Training-related (Adversarial examples)
Adversarial examples [198, 83] refer to data that are designed to fool an AI model by inducing unintended behavior. They do this by exploiting spurious correlations learned by the model. They are part of inference-time attacks, where the examples are test examples. They generalize to different model architectures and models trained on different training sets.
ENTITY
1 - Human
INTENT
1 - Intentional
TIMING
2 - Post-deployment
Risk ID
mit1098
Domain lineage
2. Privacy & Security
2.2 > AI system security vulnerabilities and attacks
Mitigation strategy
1. Prioritize **Adversarial Training** (also known as Adversarial Learning): This involves augmenting the model's training dataset with carefully crafted adversarial examples.

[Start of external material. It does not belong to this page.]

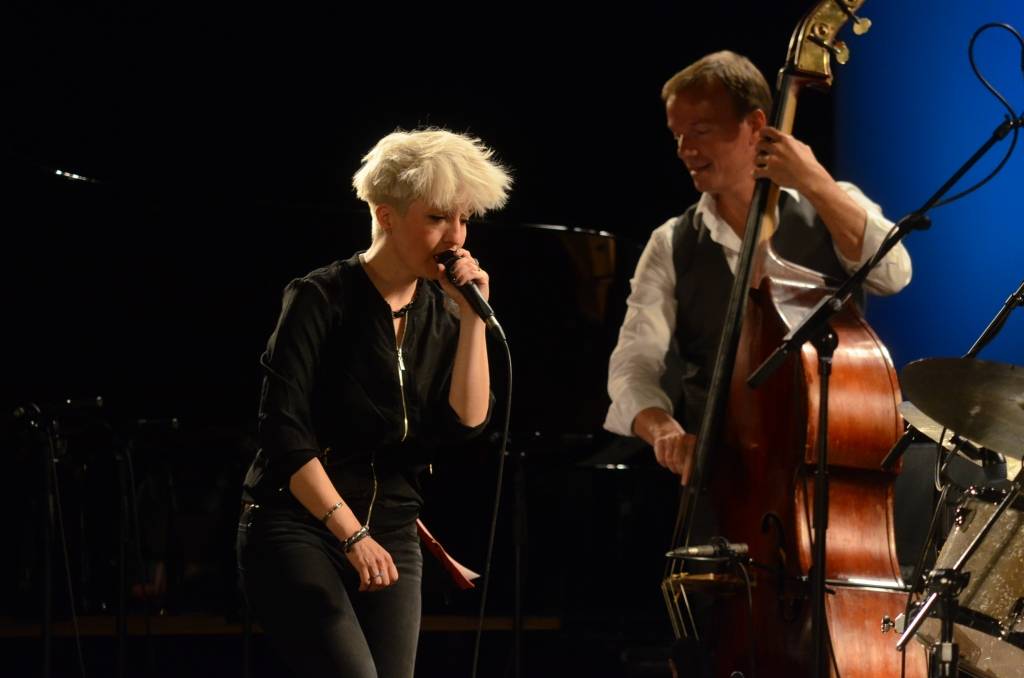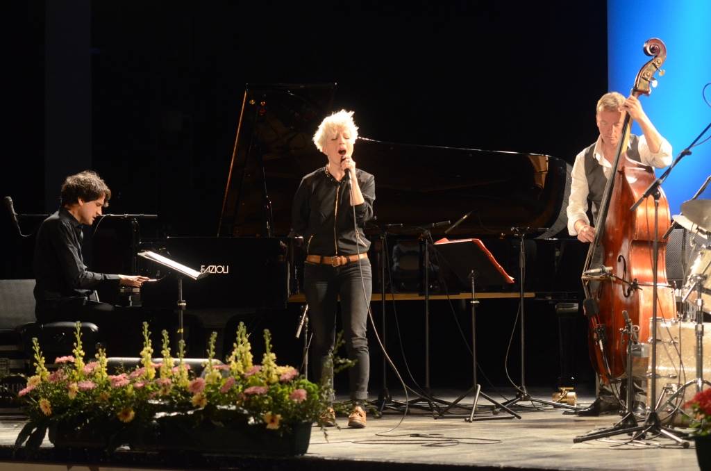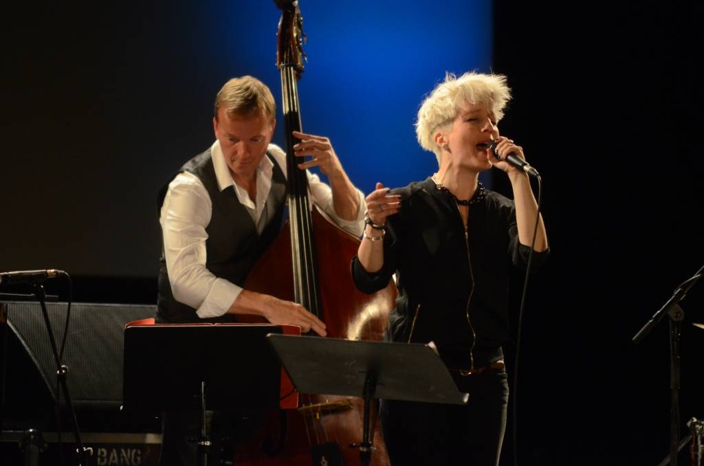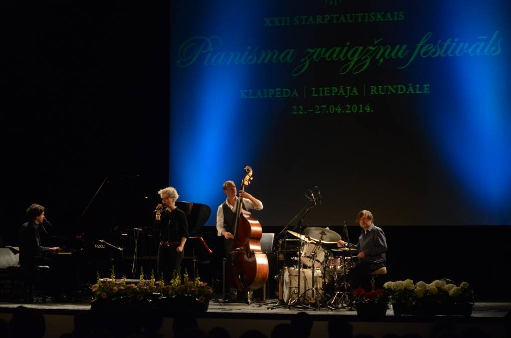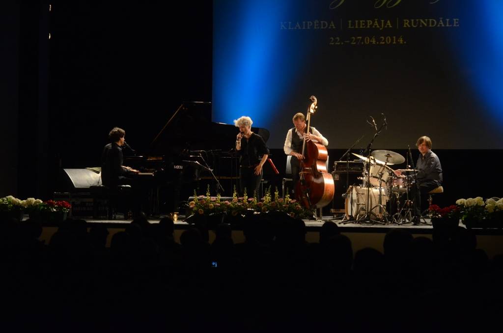 PAPILDINĀTS AR VIDEO. Starptautiskā Pianisma zvaigžņu festivāla koncertā “Franču džezs” piektdien, 25. aprīlī, Liepājas Latviešu biedrības namā uzstājās Batista Trotiņona ansamblis un dziedātāja Žanna Adeda.

This technique exposes the model to manipulated inputs during the training phase, fundamentally enhancing its intrinsic robustness and resilience against evasion attacks. 2. Implement **Differential Privacy** and **Output Obfuscation**: To mitigate inference-time attacks, such as model inversion and membership inference, employ differential privacy techniques to protect individual data points. Additionally, reduce the granularity of model outputs (e.g., returning only class labels instead of probabilities) to deny adversaries the requisite data for effective reverse-engineering or crafting precise attacks. 3. Employ **Robust Feature Extraction** and **Data Validation Pipelines**: Utilize robust feature extraction methods to isolate meaningful patterns in input data while minimizing the influence of irrelevant or misleading information (noise), thereby fortifying predictions. Furthermore, automate data validation and sanitization checks on all inference inputs to detect and eliminate subtle, malicious perturbations before they can compromise the model's prediction integrity.